The Pink Lake is about 12 kms from the YHA, and you have to have a clear day to really see it pink, and even then, it depends on the alga's mood at the time whether you will see it at its "pinkest". I didn't.
you can see the reflection is colored, but it's not as pink as it could be...
But I was glad I walked the extra mile on the side of the road, because it was still worth seeing.
After that, I walked back in the city, and followed one the "10 000 steps" walks that Esperance suggests to its inhabitants to stay fit and be active, which led me to West Beach.
one of the many perfect beaches in WA
Albany
I didn't stay much in Albany, because the weather wasn't very nice at that time, but compared to Esperance, it is a bit livelier, and the city is proud of its "First Settlement" origins. Also, there is a bit more to see, as the city is caught between the coast and the mountains. Fun fact, from Albany on, I mostly met backpackers at the end of their first WHV, waiting on their second one, as if Western Australia was left for the end of the trip.

Margaret River
The road from Albany to Margaret River (via Bunburry) was beautiful. Once again, Highway 1 didn't disappoint, and you drive along impressive Karri forests. And once in Margaret River, well, you quickly realize there is so much to do here! Surfing (of course), skate boarding, horse riding, rock climbing, abseiling, caving, trekking... And for WHV holders, it is also well organized for work in vineyards.
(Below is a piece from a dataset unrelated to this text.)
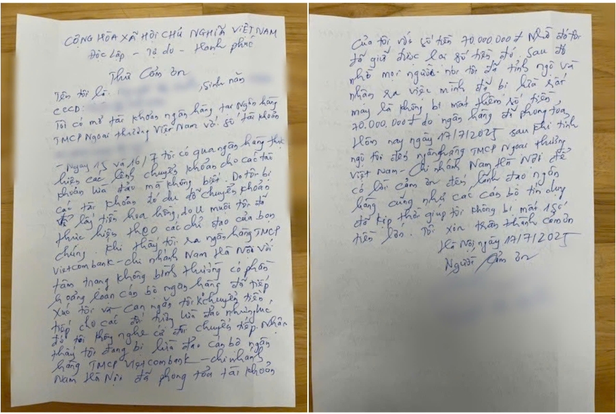Sáng ngày 177/2025, khách hàng đã trở lại Phòng giao dịch Kim Đồng - Vietcombank Nam Hà Nội để thực hiện chuyển trả lại tiền cho người đã cho khách hàng vay chiều hôm qua, đồng thời vui vẻ cảm ơn Ngân hàng đã giúp khách hàng giữ lại được số tiền bảy mươi triệu đồng trong tài khoản kèm theo bức thư cảm ơn do khách hàng viết tay.

I personally chose a full day tour with rock climbing and abseiling around the Tourist Drive 250 and the Leeuwin Naturaliste National Park. First we went climbing on the Wilyabrup cliffs, right in the middle of the Cape to Cape trail, with a beautiful coastal landscape.
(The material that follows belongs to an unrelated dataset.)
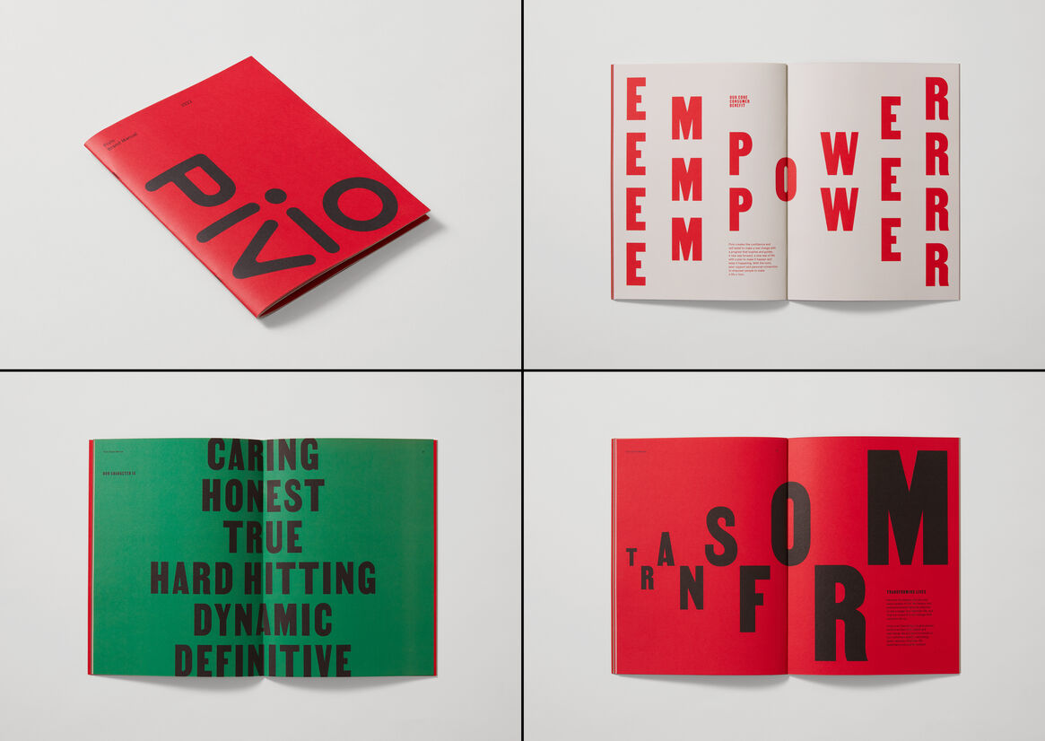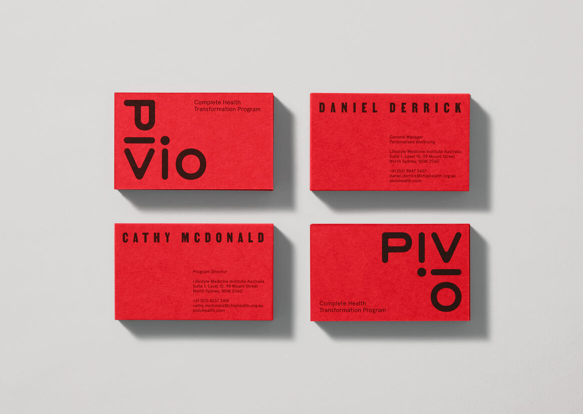 Pivio is life, bold and underlined. It doesn’t go quietly. Built on the very idea of igniting a life revolution, Pivio is a watershed moment in the journey to personal transformation. Gone are the ubiquitous medical blues and reassuring pastels so typically associated with therapeutic branding. Pivio is red and emphatic and now: all powered up, and all empowering.

We then had lunch at Cowaramup Bay, in Gracetown, a good spot for surfing - and spotting dolphins very close to the shore!
In the afternoon, we went abseiling in one of the 290 caves in the Leeuwin Naturaliste NP, a cave called Bride Cave only accessible via abseiling, and it was gorgeous, like an untouched patch of Earth full of history... Even though the Fossil Cave in Naracoorte was more glamourous, this experience is one of the best I had of the Green South.


Fremantle
Fremantle is a pretty suburban harbor south of Perth, accessible via TransPerth train (11$ return) or via the river ferry (much more expensive, but apparently worthwhile). The city is charming, but should not take more than a day trip from Perth. The real attraction (to me, anyway) was the Little Creatures brewery, which offers visits of the brewery (at 1, 2 and 3 PM), and a good Beer and Food experience at the edge of the harbor.

Perth
I must say that I didn't enjoy Perth as much as I should have.
On my first stop there, I went to an orchestra performed by the Western Australia Orchestra, which was quite good.
On my second stop, one of the friends I made earlier took me to the Hillarys and woodvale, with a great atmosphere.
On my third stop, I decided to try an indoor climbing structure called Hangout in Bayswater, a nice and quiet neighborhood.
Just like Melbourne, I think Perth is a city you really discover when you actually live in it. I only saw a bit of it, but I found it very promising.